The trainer takes each microbatch, runs a forward pass on the same tokens to get fresh log-probs under the current policy, computes the importance ratio (trainer log-probs minus inference log-probs), multiplies by the advantage, and backpropagates. After processing all microbatches, one optimizer step updates the weights. Then NCCL broadcasts the new weights to vLLM (channel B) so the next batch of rollouts uses the updated policy. That is one step. Repeat.

GRPO

Group Relative Policy Optimization. The model generates multiple rollouts for the same prompt. Each rollout gets a reward from the environment. The advantage is just the reward minus the group mean: rollouts that scored better than average get a positive advantage, rollouts that scored worse get a negative one.

A concrete example. The model tries the same prompt three times:

AnswerRewardAdvantage
Rollout 1 a, b, c, d 1.0 +0.33
Rollout 2 a, b, d, c 0.0 -0.67
Rollout 3 a, b, c, d 1.0 +0.33

Average reward: 0.67. Rollout 2 scored below average, so its advantage is negative: the gradient pushes its log-probs down. Rollouts 1 and 3 scored above average, so their log-probs get pushed up. The model can look at what it did differently between rollout 1 and rollout 2 and adjust accordingly.

email-to-cc-bcc

Prime Intellect environment hub  ·  Synthetic data  ·  Dataset  ·  Trained model

Email-to-CC-BCC is an environment built to evaluate and train models on recipient placement via RLVR (GRPO), using the verifiers framework and t2f-trainer. The thinking is that the task is a good fit for RL because it has a clear verifiable reward signal (set match against ground truth), structured output (JSON), and enough ambiguity in the CC/BCC split that a model has to reason about roles, sensitivity, and hierarchy rather than pattern match. A synthetic dataset is generated using NVIDIA NeMo DataDesigner, then used to train Qwen models and compare against OpenAI baselines. The environment supports 1, 2, and 3 turn rollouts as a form of curriculum.

The task

Given 7 people and an email thread, assign each person to To, CC, or BCC. The thread evolves across turns and recipients shift.

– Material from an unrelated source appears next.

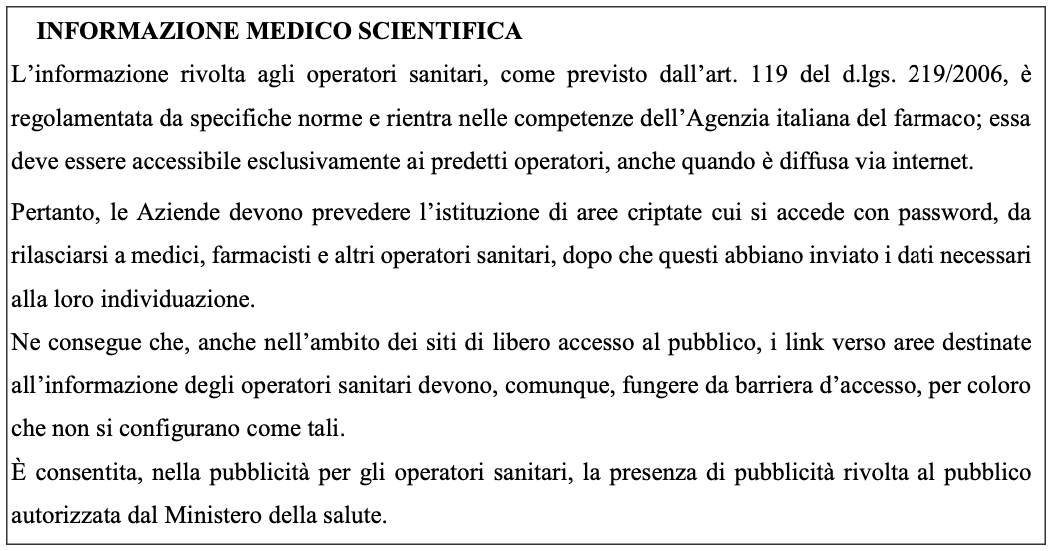 The reference regulatory framework for the advertising of medicinal products remains unchanged, defined by Legislative Decree 219/2006 which identifies fundamental principles, limits, characteristics, minimum content and prohibited content and regulates the procedure for authorizing messages by the Ministry.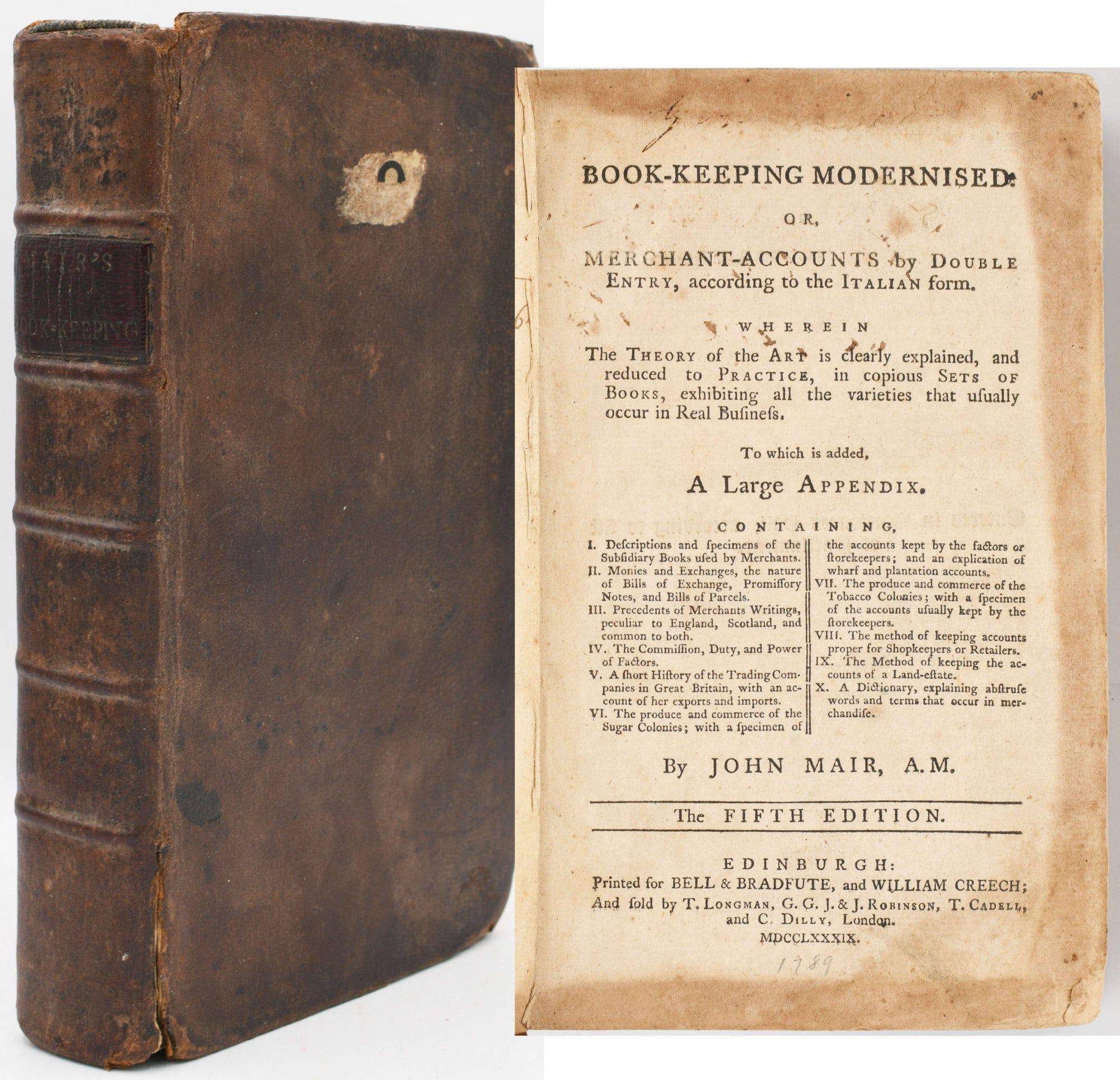 Edinburgh: Bell & Bradfute, and William Creech, 1789. The Fifth Edition. Full Leather. Very Good binding. 8vo.; in full calf with raised bands to the spine and a morocco label. there is wear to the extremities, and a partial label adhered to the upper board. xi, [1]. 620 pages, including an Appendix; lacking the front endpaper.~~John Mair is regarded as the most successful author of accounting techniques in the 18th century. Very Good binding.

Each row has 7 people with name, email address, and role. The model sees the full roster and an email, then outputs a JSON object placing each relevant person into the correct field. On follow-up turns, a new email arrives in the thread and the model re-evaluates.

turn 1
You are given an email thread. For each email, assign
the correct To, CC, and BCC recipients. Recipients may
change between emails as the situation evolves.

Roster:
- Sarah Chen <sarah.chen@acme.com> - Project Lead
- Mike Torres <mike.t@clientcorp.com> - Client PM
- Lisa Park <lisa.park@acme.com> - VP Engineering
  ...

Subject: Q3 deadline extension request

Hi team, I wanted to flag that we're going to need
a 2-week extension on the Phoenix deliverables...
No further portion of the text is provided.